– Ты не ответила на мой вопрос, мама, – мягко напомнил он.
– Да, не ответила, – отозвалась эта необыкновенная женщина без всякого смущения или чувства вины. – Сейчас отвечу.
Она в упор посмотрела на Мария-младшего:
– Вот что тебе следует знать. Если ты встретишься с Суллой как официально избранный представитель сената и народа Рима, то есть как консул, он сделает знамение из тебя. Твой возраст и имя твоего отца Сулла использует для того, чтобы придать своей борьбе за власть в Риме особенную драматичность. И все это будет малым утешением для твоей матери, племянник. Ради нее откажись от своей затеи! Встречайся с Суллой лицом к лицу на поле сражения как простой военный трибун.
– А ты что скажешь? – осведомился у Цезаря Марий-младший.
– Я говорю – поступай как хочешь, кузен. Сделайся консулом раньше срока.
– Лия?
Она встревоженно взглянула на тетю Юлию и сказала:
– Пожалуйста, брат, не делай этого!
– Ю-ю?
– Я согласна с сестрой.
– Жена?
– Ты должен следовать своей судьбе.
– Строфант?
– Господин, не делай этого, – вздохнул старик-управляющий.
Кивая, отчего его торс слегка покачивался, Марий-младший опустился на стул, положив руку на его высокую спинку. Сложил губы трубочкой, выдохнул через нос.
– Что ж, в любом случае ничего удивительного, – вымолвил он. – Мои родственницы и управляющий хором призывают меня не выскакивать раньше срока и не подвергать свою жизнь опасности. Вероятно, тетя пытается сказать, что я подвергаю опасности также мою репутацию. Жена моя все отдает в руки Фортуны – пусть Фортуна покажет, стал ли я ее любимцем. А мой двоюродный брат говорит, что я должен попытаться.
Марий встал и принял внушительную позу:
– Я не возьму назад слово, данное Гнею Папирию Карбону и Марку Юнию Бруту. Если Марк Перперна внесет меня в списки сенаторов, а сенат утвердит это, я внесу свою кандидатуру в списки кандидатов на должность консула.
– Ты так и не сказал нам, почему это делаешь, – напомнила Аврелия.
– Я думал, это очевидно. Рим в безвыходном положении. Карбон не может найти подходящего второго консула. И к кому он обратился? К сыну Гая Мария! Рим любит меня! Рим нуждается во мне! Вот почему, – объяснил молодой человек.
Только у самого старого и самого преданного из присутствующих нашлось мужество сказать правду. И управляющий Строфант высказался не только за потрясенную мать молодого Гая Мария, но и за его давно умершего отца:
– Это твоего отца любит Рим, domine.

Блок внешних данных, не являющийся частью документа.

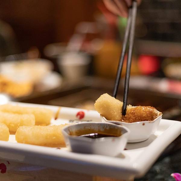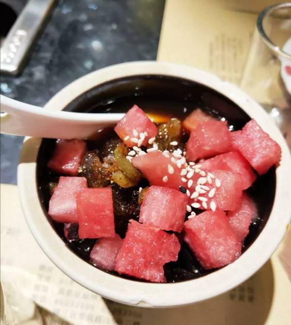 红糖糍粑:四川火锅的小吃标配,不过锦城印象的红糖真的给得十足,自己可以把糖汁和豆粉裹得满满的,然后一口咬下去,真的不要太好吃哦!第一次吃四川麻辣火锅的人,想必都会被它的氛围所征服吧:红、火、麻辣、鲜香,各色菜品相继下锅,在热滚滚的汤里涮几下,吸满了汤汁香味的菜配合裹着特有的麻油蘸碟,吃在嘴里,两个字:满足!最后,必须手动点赞一下锦城印象的服务,简直贴心到不行,可以说是遇到过最nice的火锅店了,大家有时间一定来尝尝

Рим обращается к тебе из-за твоего отца. О тебе Рим не знает ничего, кроме одного: ты – сын человека, который спас его от германцев, который одержал первые победы в войне против италиков, который становился консулом семь раз. Если ты сделаешься консулом, то лишь потому, что ты – сын своего отца, а не потому, что ты – это ты.
Марий-младший любил Строфанта, и управляющий хорошо знал об этом. Несмотря на подтекст, Марий-младший выслушал его спокойно. Он только крепко стиснул губы. Когда Строфант замолчал, сын Гая Мария просто сказал:
– Знаю. И я должен показать Риму, что Марий-младший равен своему любимому отцу.
Цезарь опустил голову, глядя в пол, и промолчал. «Почему, – задавал он себе вопрос, – почему этот сумасшедший старик не отдал кому-нибудь другому накидку и шлем главного жреца Юпитера, flamen Dialis? Я мог бы справиться. Я бы справился. Но Марий-младший – никогда».
Итак, к концу декабря выборщики в своих центуриях встретились на Марсовом поле, в месте, прозванном септой, или овчарней, и проголосовали за Мария-младшего как за первого консула. Гнея Папирия Карбона они выбрали вторым консулом. Сам факт, что Марий-младший стал старшим консулом, свидетельствовал об отчаянии Рима, его страхе и сомнениях. Однако многие голосовавшие искренне верили: что-то от Гая Мария не могло не передаться его сыну. Под командованием Мария-младшего вполне можно победить даже Суллу.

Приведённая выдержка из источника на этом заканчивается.